AI Data Bubble: After bringing the first true HAMR drives to market, Seagate is now further advancing its next-gen magnetic storage platform. The new "Mozaic 4+" drives are already here, with massive data hoarding capacities and a specific focus on AI workloads for enterprise customers.
Seagate introduced the Mozaic 3+ platform in 2024, turning the heat-assisted magnetic recording (HAMR) dream into a real product for customers in need of massive storage capacities. The HDD maker is now introducing the next-generation Mozaic 4+ drives, which offer capacities up to 44TB.
The US corporation originally known as Shugart Technology is partnering with two unnamed cloud providers working at hyperscale levels. Seagate said that the Mozaic 4+ drives have been qualified and are now in production, shipping in volume to its first clients. Broader availability for other hyperscalers – as well as lesser customers – should arrive sooner rather than later.
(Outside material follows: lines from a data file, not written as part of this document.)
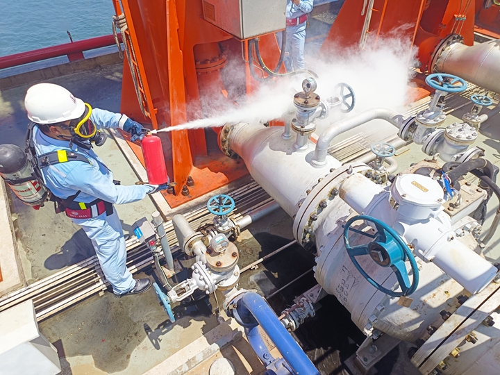 演練現(xiàn)場(chǎng),警報(bào)聲響起,人員、車輛迅速集結(jié)到位。按照搶險(xiǎn)救災(zāi)組、疏散警戒組、通訊聯(lián)絡(luò)組、后勤保障組、醫(yī)療救護(hù)組、后勤醫(yī)療組等五個(gè)工作組的分工要求,參演人員各就各位、各司其責(zé)。他們有的迅速疏散無(wú)關(guān)人員完成現(xiàn)場(chǎng)警戒;有的迅速向市公司指揮中心及相關(guān)部門報(bào)告情況;有的迅速使用消防水泵泡沫泵、干粉滅火器撲滅初期火災(zāi),并對(duì)泊位E2裝卸區(qū)進(jìn)行全面冷卻;有的迅速開展醫(yī)療及后勤等方面的應(yīng)急處理。各參演小組反應(yīng)快速、緊密配合、協(xié)同作戰(zhàn),現(xiàn)場(chǎng)警戒、人員疏散、滅火救援、后勤保障等各項(xiàng)應(yīng)急動(dòng)作有序進(jìn)行,處理流程和處理措施合理有效。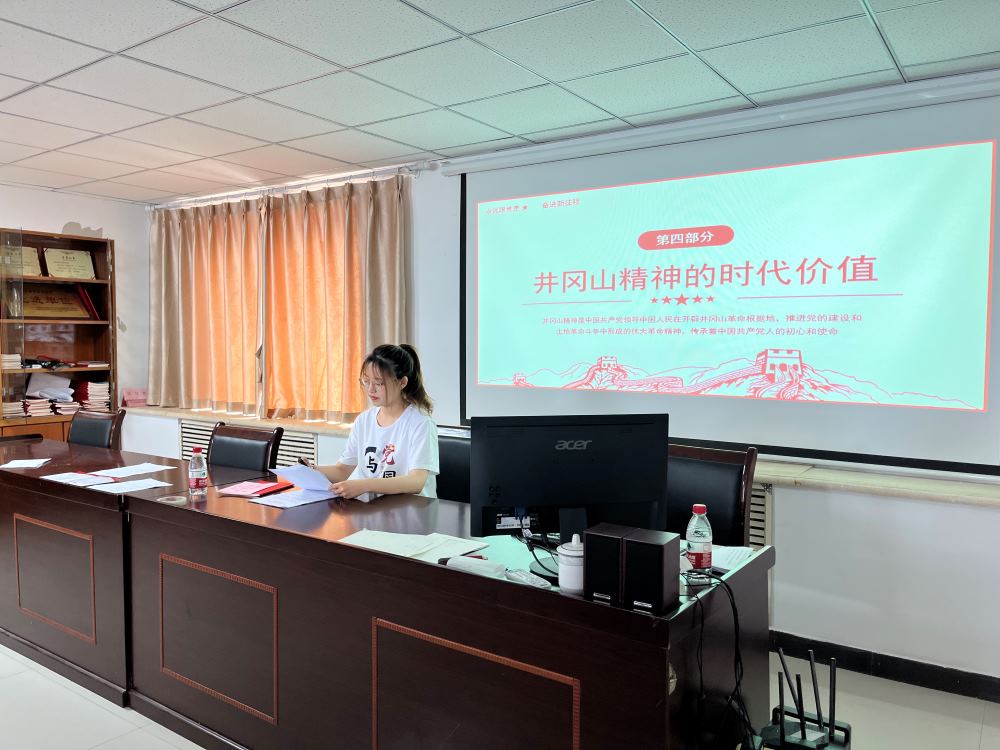 與黨同行井岡山精神宣講團成員段鵬翔結合歷史史實回顧了秋收起義、三灣改編、茅坪安家、朱毛會師、古田會議等一系列發生在井岡山及其周圍的黨史故事,講述了井岡山革命根據地的建立背景及發展建設史。宣講團成員張舒然分享了井岡山精神的內涵:堅定信念、艱苦奮斗,實事求是、敢闖新路,依靠群眾、勇于勝利。并以井岡山精神是否過時為話題,分享了井岡山精神的時代價值。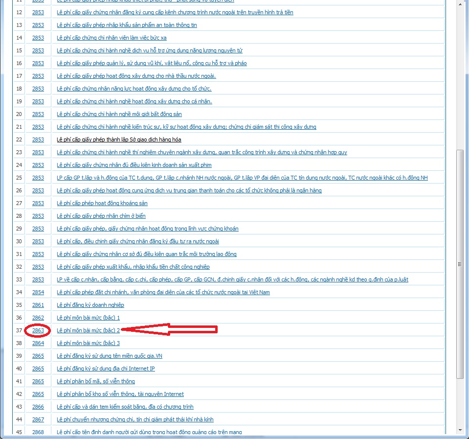 Sau khi chọn tiểu mục 2850 Anh/Chị tiếp tục chọn đến Mã NDKT 2861 2862 2863 Tương ứng với 3 bậc thuế MÔN BÀI (Ở đây chúng tôi chọn bậc 2 cho doanh nghiệp có vốn điều lệ dưới 10 tỷ)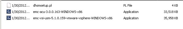 You can find the software on PowerLink under Support- Software Downloads and Licenses – Downloads T-Z – Virtual Storage Integrator. Scroll down to VSI Unified Storage Management and grab the ZIP file with the date of Jan 13, 2012. It should be the 5.1 version of the USM. As it implies, that is a zip’d up file that has the following 3 files listed: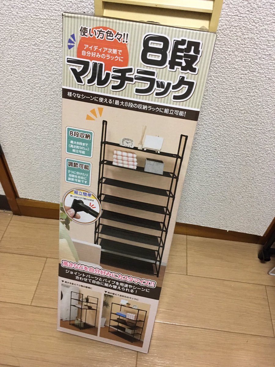 ドン・キホーテ で買った7段マルチシェルフ。なんと千円。安い。組立も簡単で工具いらず 腕力はいるかも で、思ったよりカッチリしています。こういうのって揺らすとグラグラしがちだけど、そういうこともなく。 棚板が板じゃなく不織布なので、重い物や安定を要する物は。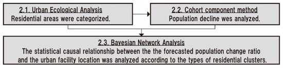 The method of this study involves three steps in Figure 2. First, residential areas are categorized by urban ecological analysis. Second, the residential clusters with rapidly decreasing populations in the Osaka metropolitan area are analyzed via cohort analysis. Finally, the causal relationship between the forecasted population change ratio and the locations of urban facilities is analyzed via Bayesian network analysis according to the residential clusters.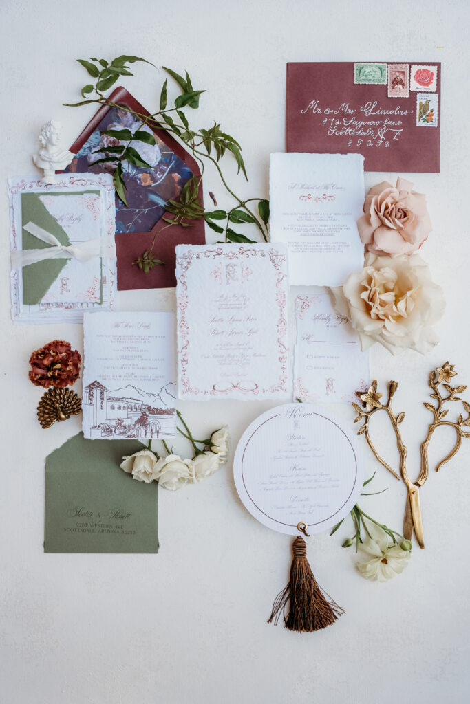 Stationery + Day-of Paper: @fossilweddinginvitations
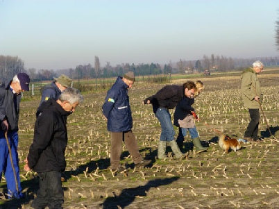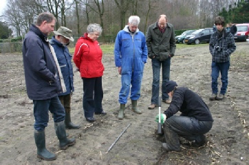 12 februari 2011. Werkgroep Archeologie Hulst vol belangstelling bij de proefboring van een medewerkster van de Universiteit van Gent te Koewacht.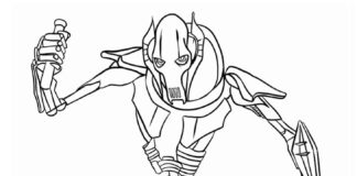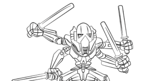 Na ilustracji widzimy Generała Grevious, który włada mieczami świetlnymi. Weź kredki w ręce i pokoloruj postać z Gwiezdnych Wojen...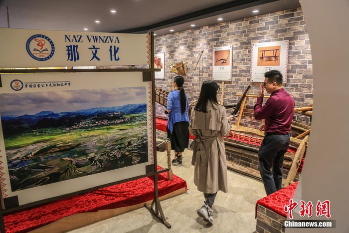 12月4日,广西贵港市蒙公民族中学博物馆壮族民间文化区,几名参观者正在观展。“蒙公民中博物馆”位于广西贵港市覃塘区蒙公乡民族初级中学内,筹建于2014年5月,主要以壮族民居“瓦房式”格局布置,分为壮族生活用具区、壮族农耕用具区、壮族民间文化区三个区域。蒙公乡民族初级中学是广西贵港市唯一一所进行壮汉双语教育教学的初级中学,2014年被广西壮族自治区教育厅定为省级创建民族文化教育示范学校。 中新社记者 陈冠言 摄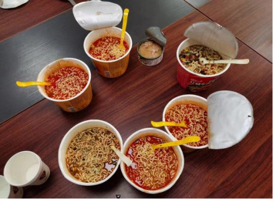 迎新工作组召开会议,召集志愿者,规划路线,制定人力等各方面资源分配的详细计划。时间紧任务重,加上大家完全投入到工作当中,使大家错过了用餐时间,但大家并不在意,而是用泡面、罐头做了代替。虽然食物平凡普通,但大家都全身心工作,乐在其中。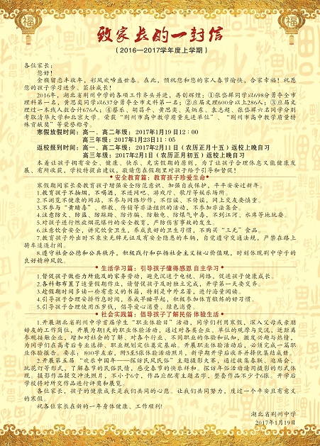 9323彩票2017年寒假致家长的一封信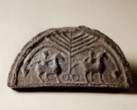 圖片名稱(chēng): 樹(shù)木雙騎紋半瓦當(dāng)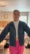 Stylish blue denim jacket with studded details. Features a zip-up front and elastic cuffs. A few of the bedazzle studs are half off but an easy fix to put them back on or take them off

Mozaic 4+ drives are an incremental evolution of the Mozaic 3+ platform, with further improvements in efficiency, reliability, and storage capacity. Seagate explained that when deployed at one exabyte of capacity, the new hard disk drives should improve infrastructure efficiency by around 47% compared to a "standard" 30TB configuration. Seagate said Mozaic 4+ can reduce the footprint of a data center installation by 100 square feet, lowering the annual energy consumption by 0.8 million kilowatt-hours.
This kind of energy efficiency can have a significant impact when dealing with AI-scale operations, providing measurable economic savings. Mozaic 4+ has been specifically designed to benefit hyperscale players and AI data centers, which are, of course, the only meaningful goal almost all technology corporations are focused on right now.
Data is once again an extremely valuable asset, Seagate CEO Dave Mosley said, because extremely large data volumes are now required to train and operate chatbots, military systems, and other complex LLM ventures. High-capacity hard disk drives such as Seagate's HAMR units are an essential element in these new data-hungry efforts.
HAMR technology uses a laser diode embedded in the drive's read/write heads to quickly heat a small spot on the recording platter. This highly localized, sub-nanosecond heating process increases the data density for storing additional digital bits. Western Digital is also working on its own HAMR drives, although the company still describes the technology as a future endeavor.
While WD tries to tackle the "complex and challenging" HAMR technology, Seagate is accelerating the Mozaic + roadmap. The storage company is working to push data density to up to 10TB per platter, and is already envisioning hard disk drives that can hold up to 100 terabytes per drive. Enterprise-class reliability should match today's products. Meanwhile, consumers are struggling to find new HDDs to buy because AI corporations have managed to purchase the whole supply chain.